Mapping Many Gene Expression Traits
Overview
Teaching: 30 min
Exercises: 30 minQuestions
How do I map many genes?
Objectives
To map several genes at the same time
Load Libraries
For this lesson, we need to install two more libraries and load them. You can do this by typing the following code:
BiocManager::install(c("AnnotationHub","rtracklayer"))
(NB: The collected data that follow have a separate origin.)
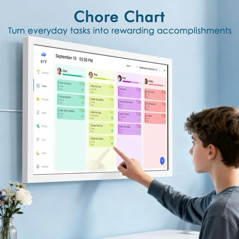 27 Inch Smart Digital Calendar Max Wall Mountable Electronic Family Planner with Touchscreen 1920x1080 IPS Display for Home Office Chore Chart Event Sync White Gifts for Women and Men
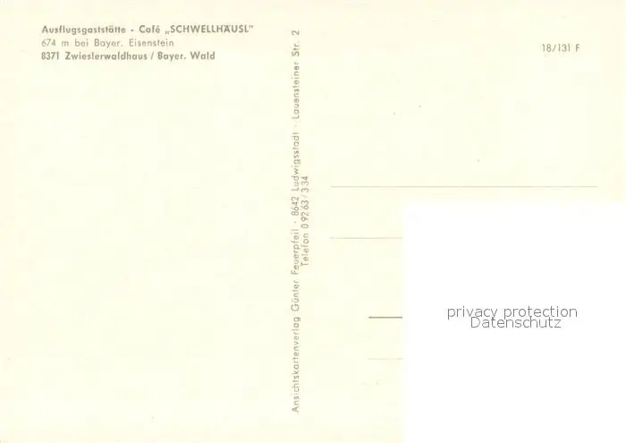 Zwiesel_Niederbayern Gaststaette Cafe Schwellhaeusl Terrasse Teich Auerhahn Zwiesel Niederbayern postalisch nicht gelaufen nach 1965 Erhaltung siehe scans [WerneD78] WernPID7
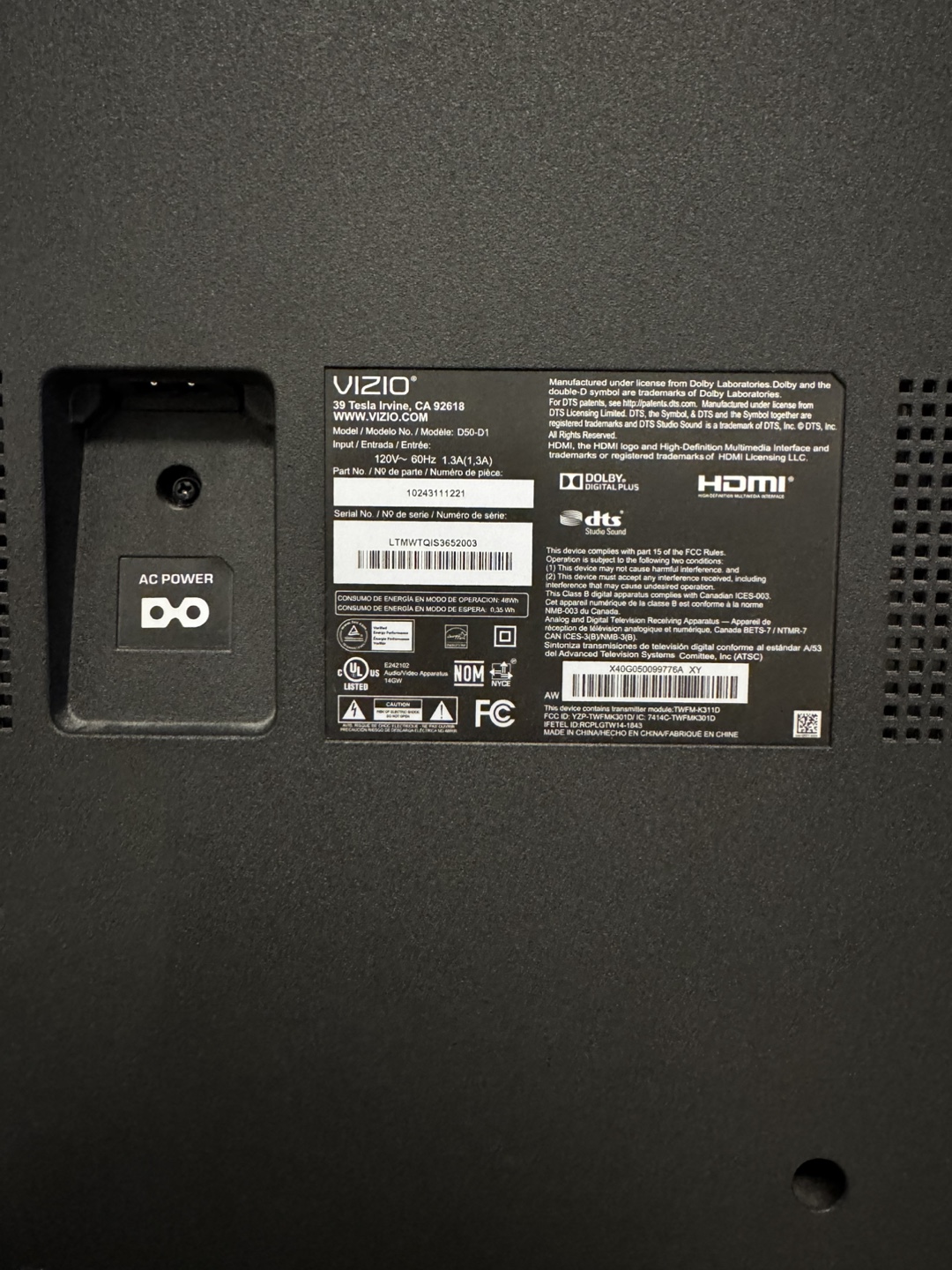 Selling a Vizio 50-inch Class Full Array LED Smart TV, model D50-D1. It's in great condition and ready for a new home! Perfect for streaming your favorite shows and movies! Currently sales at $435!
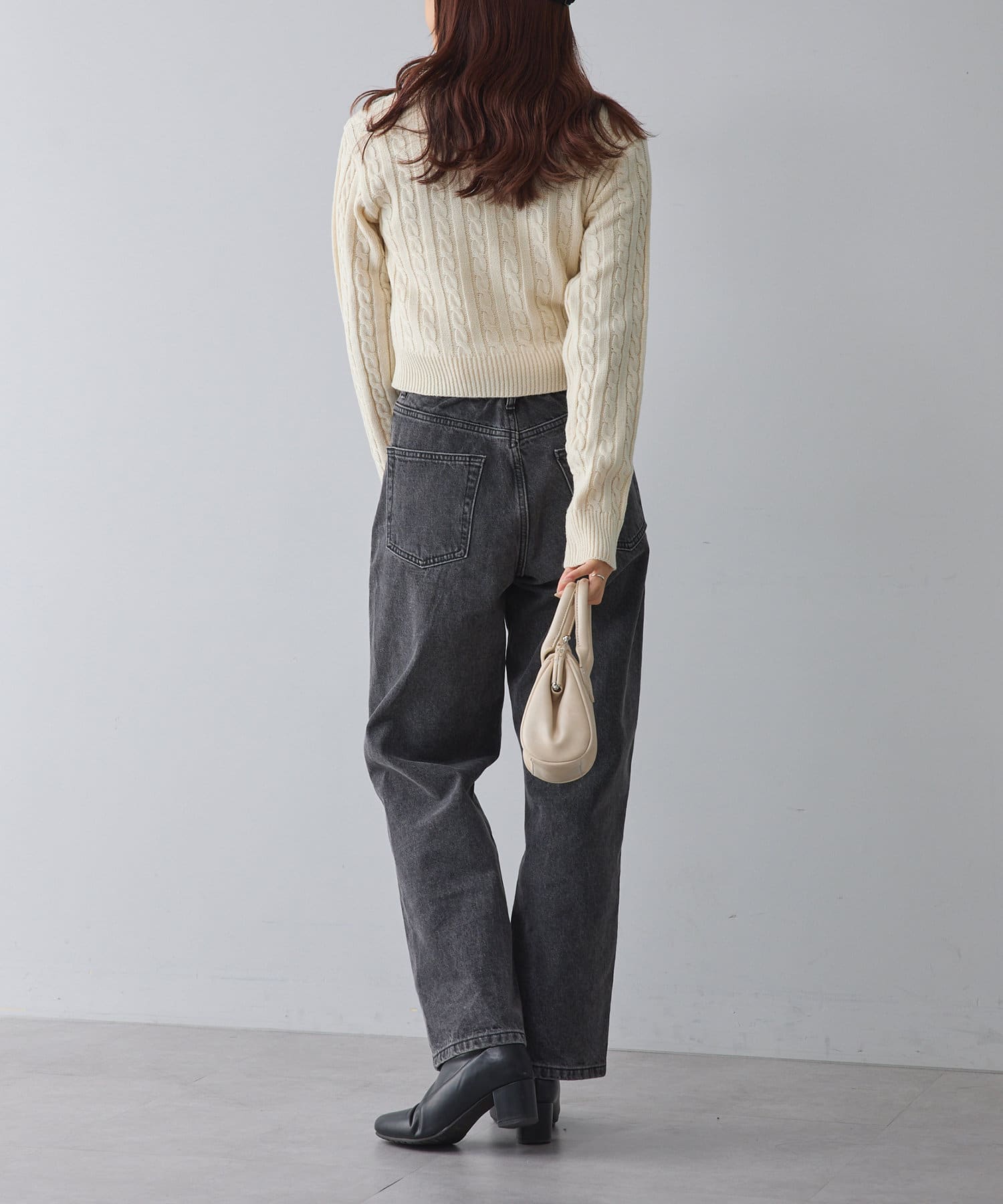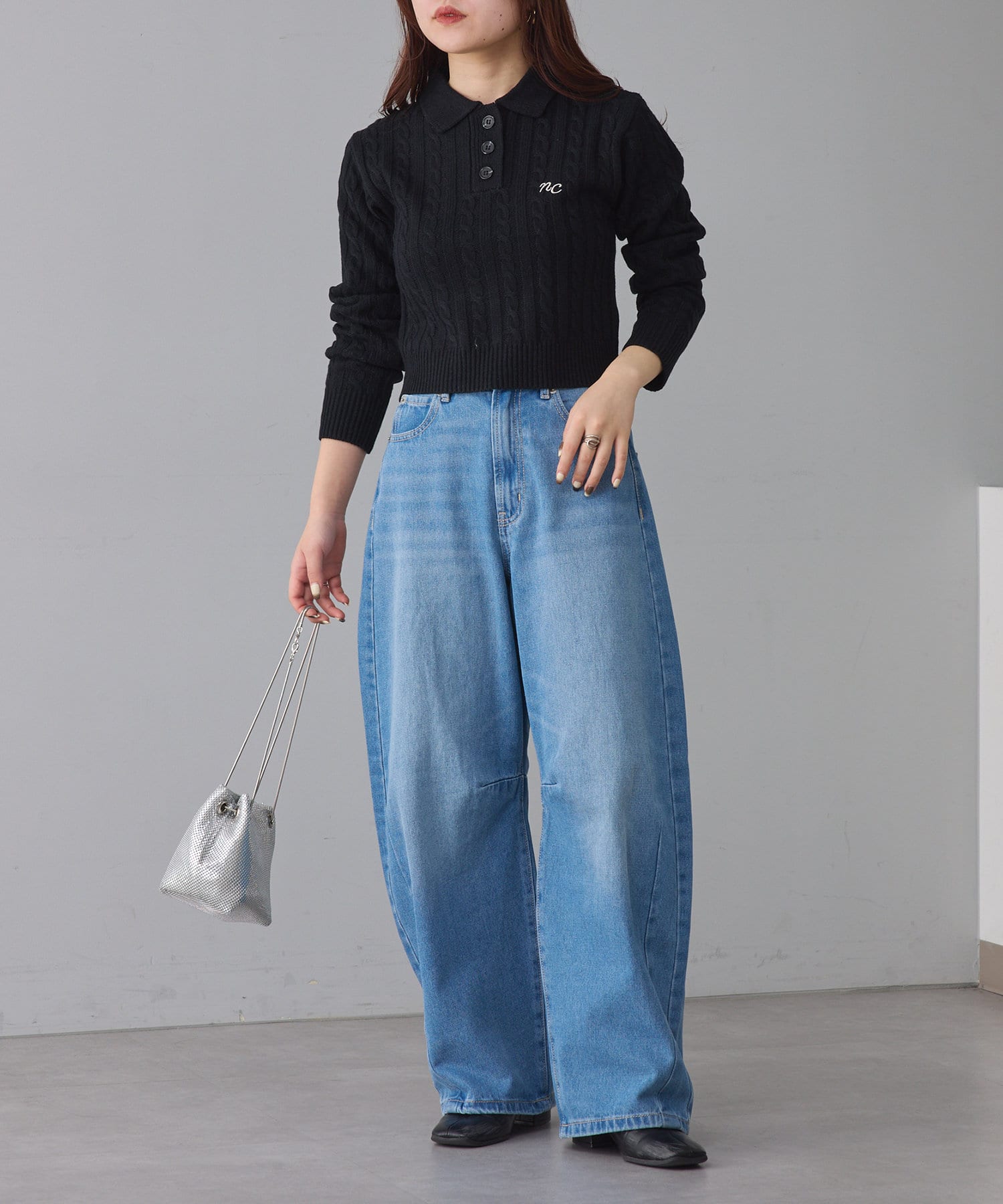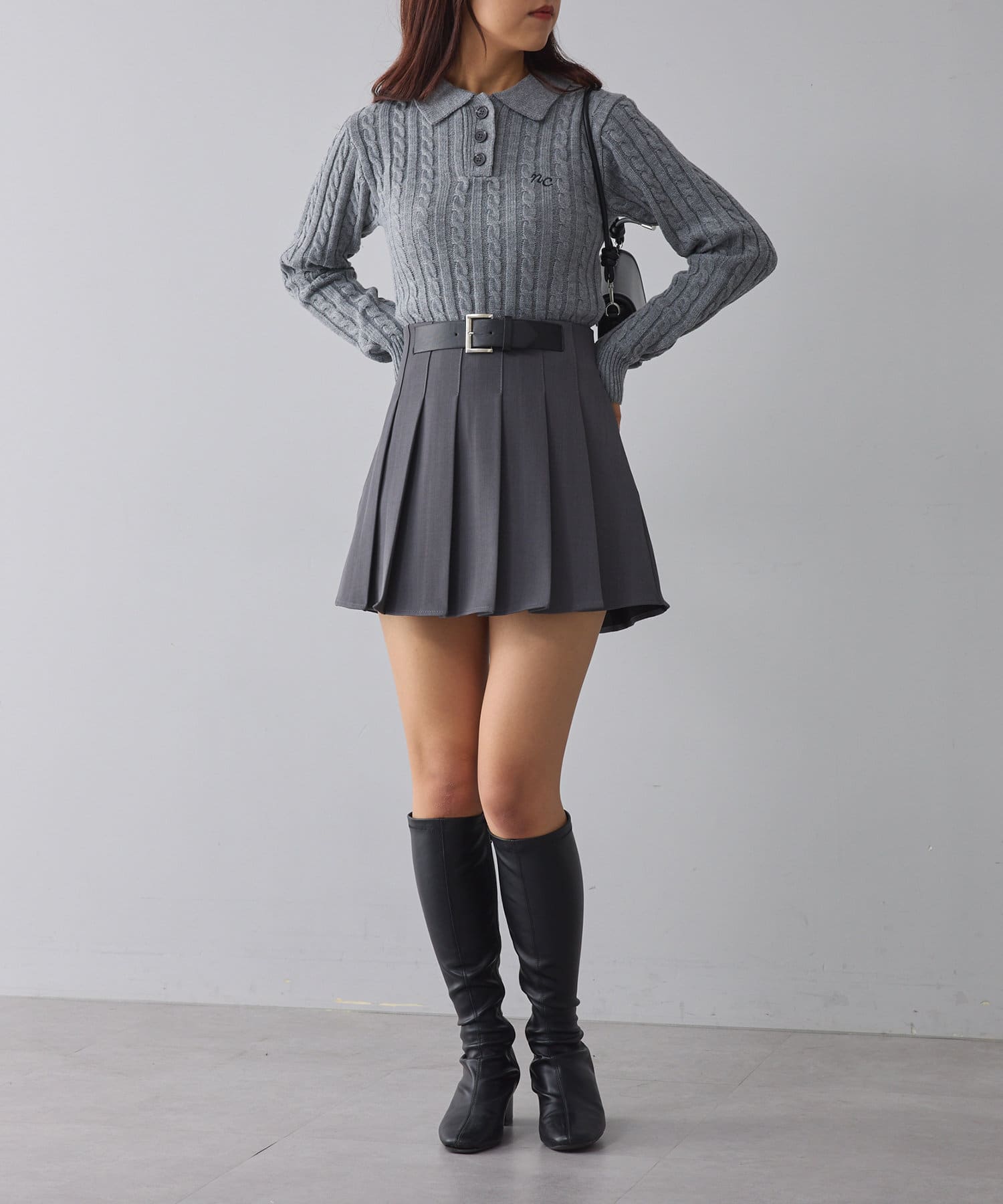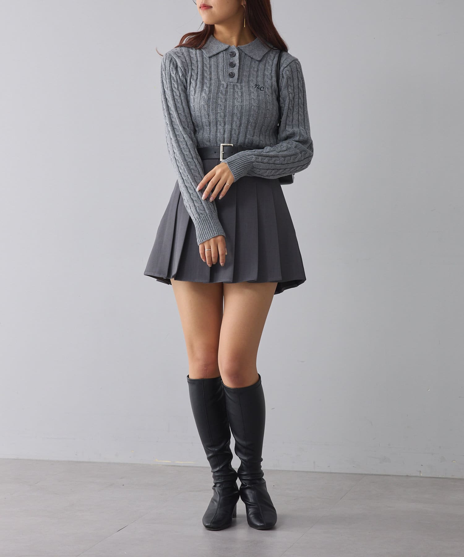・存在感のあるケーブルニットをショート丈のポロニットトップスに

Let’s install our libraries, and source two other R scripts.
library(tidyverse)
library(knitr)
library(broom)
library(qtl2)
library(qtl2ggplot)
library(RColorBrewer)
source("../code/gg_transcriptome_map.R")
source("../code/qtl_heatmap.R")
Before we begin this lesson, we need to create another directory called results
in our main directory. You can do this by clicking on the “Files” tab and navigate into the main directory. Then select “New Folder” and name it “results”.
Load Data
# expression data
load("../data/attie_DO500_expr.datasets.RData")
# data from paper
load("../data/dataset.islet.rnaseq.RData")
# phenotypes
load("../data/attie_DO500_clinical.phenotypes.RData")
# mapping data
load("../data/attie_DO500_mapping.data.RData")
# genotype probabilities
probs = readRDS("../data/attie_DO500_genoprobs_v5.rds")
Data Selection
For this lesson, lets choose a random set of 50 gene expression phenotypes.
genes = colnames(norm)
sams <- sample(length(genes), 50, replace = FALSE, prob = NULL)
genes <- genes[sams]
gene.info <- dataset.islet.rnaseq$annots[genes,]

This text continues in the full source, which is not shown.